Besides these comics, I wrote some fanfics too. But I'm very glad I never put those anywhere public, because damn, they are embarrassing to read now. It's because my fanfics were actually serious business, full of drama and sturm und drang, and they turned out rather cheesy. Also full of, ahem, erotic content written by someone who had no personal experience on the subject yet. The comics on the other hand were just made for shits and giggles, and I think they've survived the test of time better (by which I mean, that I have actually shown my comics to other people, because occasionally I think I made a fun one, while I've never shown my fics to anyone and have already burned the worst ones.).
When the wonderland of internet was opened to me, I gained access to all the books in the world. I was no longer restricted by what our library and book stores had, I could buy stuff that wasn't published here. So obviously I got a copy of Kyle Marffin's Carmilla sequel. It's not a very good book. Quite silly, childish and badly written (men really shouldn't write about lesbians, they know nothing about them and enjoying an erotic scene becomes rather hard when you imagine some gross het dude writing it while drooling on his keyboard). But it was the first time I read a rather explicit lesbian sex scene, and that got me very excited, because finally all the subtext was thrown to garbage. Here it was, black on white, proof that Carmilla was into girls, not just their blood but their bodies as well. My late discovery of lesbian erotica may seem weird now, when anyone can gain access to mountains of lesbian smut in the internet, but back when I lived with my parents I never dared to look up smut on the home computer, in fear that they'd find out. Until I moved out, my only access to lesbian erotica was books, and Carmilla's Return was the first one I got.
Rant time: I might also add, that annoyingly enough I had been encountering explicit het sex scenes in books, movies and TV years before. And while I never intentionally searched naughty stuff on the net, I had bumped into het porn there accidentally as well. I wonder if heteros understand how freaking frustrating this kind of thing was. Their smut was all over the place, in every book, every film and all around the net, pretty much rubbed to my face, while MY stuff was so obscure I didn't even know where to look for it. And then they had the nerve to claim that we are ”flaunting it” and ”making it all about ourselves” whenever there was a gay sidecharacter somewhere. Grr. Grrr. Rant over.
I bumped into some incarnations of Carmilla later too, but none left an impression on my mind like these early ones did. The worst Carmilla I ever saw was the main villain in Lesbian Vampire Killers. That movie is easily the worst vampire movie I have ever seen (maybe even the worst movie I've seen, period), it's an ”erotic horror comedy” that is neither sexy, scary or funny. It is nice that when they were thinking of a character to star in a movie about lesbian vampires, they chose Carmilla. But the movie is such utter garbage, I'd rather they'd left my favourite vampire out of it. Save your money and sanity - don't watch this movie. It's bad.

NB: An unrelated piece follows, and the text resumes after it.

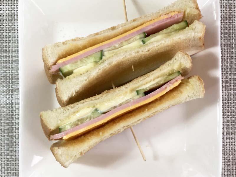 ホットサンドメーカーとバーガー袋[山善] 具だくさん 耳付きで焼ける ホットサンドメーカー YSB-S420(B) [メーカー保証1年]具だくさんのホットサンド食べたくなり、新たにこのホットサンドメーカーを購入しました。「山善」のものです。Amazonで一通りのホットサンドメーカーを調べてみたのですが、真ん中だけ膨らんでいるアーチ状のものはコレだけでした。厚焼きのものでは山善のものが一番値段が安かったのも評価ポイントです。最初に作ってホットサンドです。具はスライスチェダーチーズ、ロースハム、玉ねぎの輪切り、トマトの輪切り、ゆで卵です。6枚切りのパンを使ったのですが、想像した通り真ん中辺の部分はパンが潰されて薄くなりますが、許される範囲です。一番の問題点は、パンの耳の部分が通常のホットサンドメーカーのようにピッタリくっつきません。そのため食べるときに端の部分から具材がどんどん出てきてしまいます。焼けたパン自身が硬くなっているので手で押さえてもピッタリとは行きませんでした。この解決策として、ハンバー袋を使いました。さすがにこの袋を使うとこぼれても手に付くこともなくキレイに食べられました。これはトマトを入れませんでした。前回はトマトの水分がダラダラ流れ出たので無しにしました。それから、最初はホットサンドメーカーの焼き部分にバターをたっぷり塗ったのですが、焼き上がりがカリカリになり過ぎてパンの美味しさが削がれてしまったので、油っけ無しの状態で焼いたみたら結構よかったです。このページの先頭へ戻る Top Menu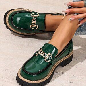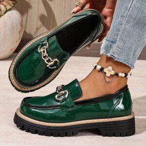 Elevate your casual wardrobe with these green loafers, designed for comfort and style. Slip into these round toe flats featuring a thick sole for added support and a relaxed fit. Perfect for everyday wear, these casual loafers combine ease with a touch of sophistication.

I feel like a lot of time people want to take Carmilla's name and make a whole new character with it (like Reimi Urara's character in Vampire Succession, who is named Carmilla but isn't even a vampire at all). These ”Carmilla in name only” kind of characters don't count, and frankly speaking I'm not that fond of them. I guess it is nice that people want to pay respect to the legendary vampire by naming a character after her, but my opinion still is that if you don't want to tell the story of a lesbian vampire, call your character something else. If you take away either of Carmilla's two passions; that of women or that of blood, the character loses her trademark characteristics and stops being ”real.” You don't make a Godzilla movie where the king of the monsters isn't allowed to have his trademark atomic breath, and you don't make a Carmilla who doesn't love women and blood.
Now that I have said that, you probably guess my opinion about the (*spoilers*) ending of the webseries's third season. Yeah, I wasn't a fan of humanizing Carmilla. So, I went to see the movie with rather low expectations, and was pleasantly surprised. This movie is more Carmilla than all of the webseries's seasons together.
But let's speak about the webseries first. I was very positively surprised by it. One day I ended up googling Carmilla again (was probably looking for fanfics) and discovered this little gem. It had very little to do with Le Fanu's original, but what it decided to change was so good that I didn't care. And it had still lots of little nods to the novella. Carmilla's anagrammical names, the nightmares, they freaking included Laura's governesses De Lafontaine and Perrodon (I would totally watch a spin-off that just follows the adventures of Laf and Perry) and there's even a scene where Carmilla is watching over sleeping Laura, looking a bit similar to a famous illustration of the novella. Also, the theme song ”Love will have it's sacrifices”, is a direct quote, from a scene where Carmilla is describing to Laura the night when the curse of vampirism was passed on to her (of course, she doesn't out right say it, but the reader knows what she's talking about).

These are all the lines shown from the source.